Doesn't it seem weird to you though, that the people who ultimately became Bush's agents and marketing agents didn't just tell him to settle with these knuckleheads and be done with it? That's the one thing that isn't adding up for me.
Regarding Alabama, I think the impression back then and previously was that the SEC and the older SWC had a lot of trouble with boosters 'greasing' the players, and 'boosters' are seen as affiliated with the school. The NCAA probably was looking for a way to hammer them, perhaps as much for prior stuff as the 1992 issue. Although, UCLA's basketball program during the John Wooden days was probably as bad as any of them, with that Sam Gilbert guy taking care of everything for those players all those years. But as you said, they weren't going to take down St. John.

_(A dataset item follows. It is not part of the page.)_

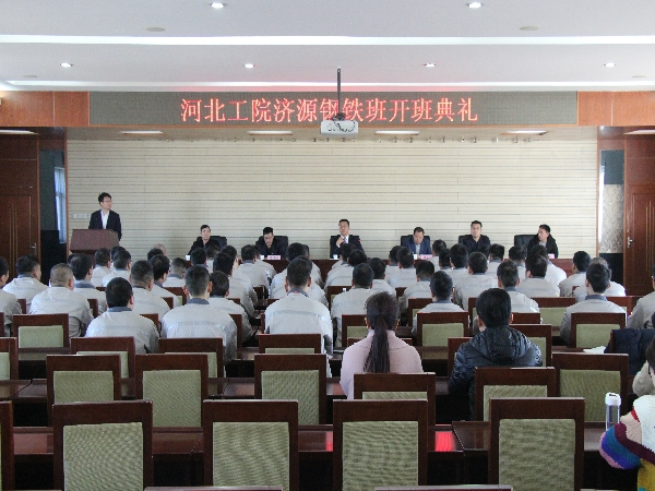在开班典礼的前一天,53名学员在公司纪委书记、人力资源部长李全国、部长助理杨凯、招募培训科长张志明的带领下,从济源钢铁(集团)有限公司出发,不远千里来到了河北工业职业技术学院。“红入桃花嫩,青归柳叶新”,校园内盛开的桃花映衬着学员们的张张笑脸,使工院的春天又增添了一份独特魅力,在这里,他们将与工院学子同吃同住同学习,共同度过一年半的学习培训时间。在53名学员中,年龄最大的36岁,年龄最小的24岁,80%的学员都已成家立业,在工作岗位上,他们是独当一面的行家里手;到校园里,他们要再次回炉做一回学生,通过学习培训使自己的专业理论水平与专业实践技能得到进一步提升。为使此次企业在岗技术骨干培训班达到预期效果,济源钢铁(集团)有限公司经过了长时间酝酿,下了极大决心,克服了重重困难,在申请报名250多名在岗职工中通过考试最终选拔了53名一线技术骨干,全脱产送入我院进行为期一年半的学习培训。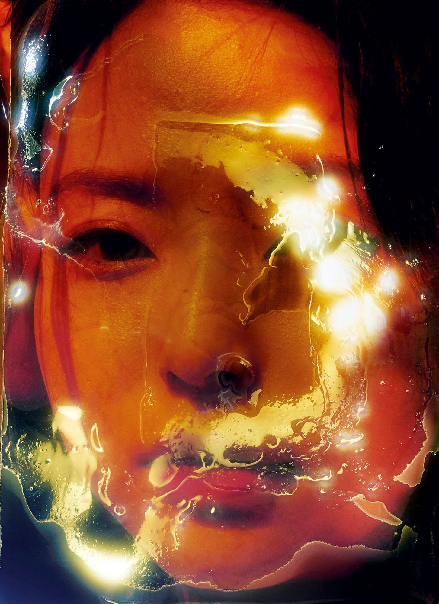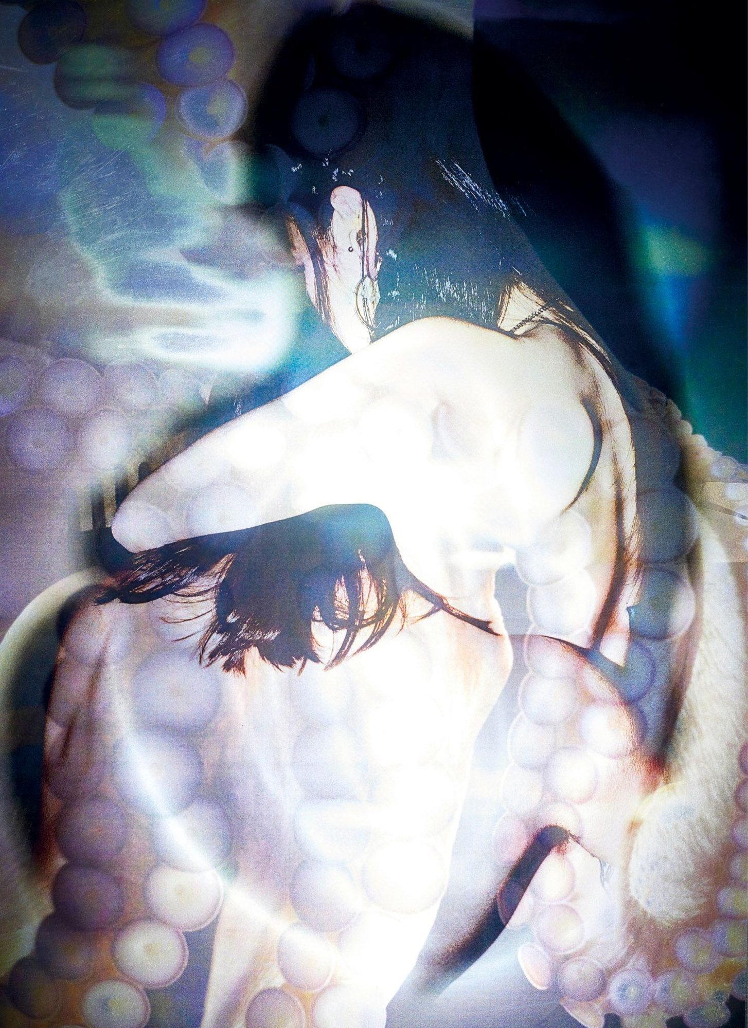 The result was a totally handmade method of printing his images onto plastic paper and sculptural resin, which drips naturally, followed by submerging them into water before they are fully dry, erasing layers of ink in the process. Bringing his analog images to life, particularly the darkest ones that would bleed the most, Simonet found a shape for the project. “I had this strong feeling of the city as something organic. You are part of living stuff, with all the highways and the subways. It’s really complex and chaotic. So that’s how I started to link my experimentation to Tokyo—to the feeling of the city,” says the photographer. Within each image is the potential for change and metamorphosis, just like the unpredictable nature of the city and a night spent under its spell.

What really pisses off all of us out here is that Bush soiled the program with this thing. One of the best parts of the Pete Carroll era is the way the players have behaved (for the most part) on and off the field, as compared to the 10-15 years before Carroll arrived. USC had that bad stretch with the attitudes, the shaky academic guys getting in and staying eligible suspiciously, the defensive lineman doing the big dance on the field after a sack....when they were down by 20 in the 4th quarter, all that crap. Carroll's guys just didn't do this stuff. They still had some problems, off the field fights a couple times, stuff like that. But when starting running back Chauncey Washington didn't keep up in class, he was ineligible for two consecutive years and they took away his scholarship. He got eligible and got it back. Most of the guys seem pretty well-spoken when interviewed, they say the right things, it has just been a better group and a better program. Then stupid Reggie (primarily stupid step-dad) goes and throws a mudball all over Heritage Hall. They couldn't just wait another 11 months until the kid got drafted to start making the money? Ridiculous. Reggie's mom has worked in the sheriff's department for years. You would think that the law would have some meaning, at least with her.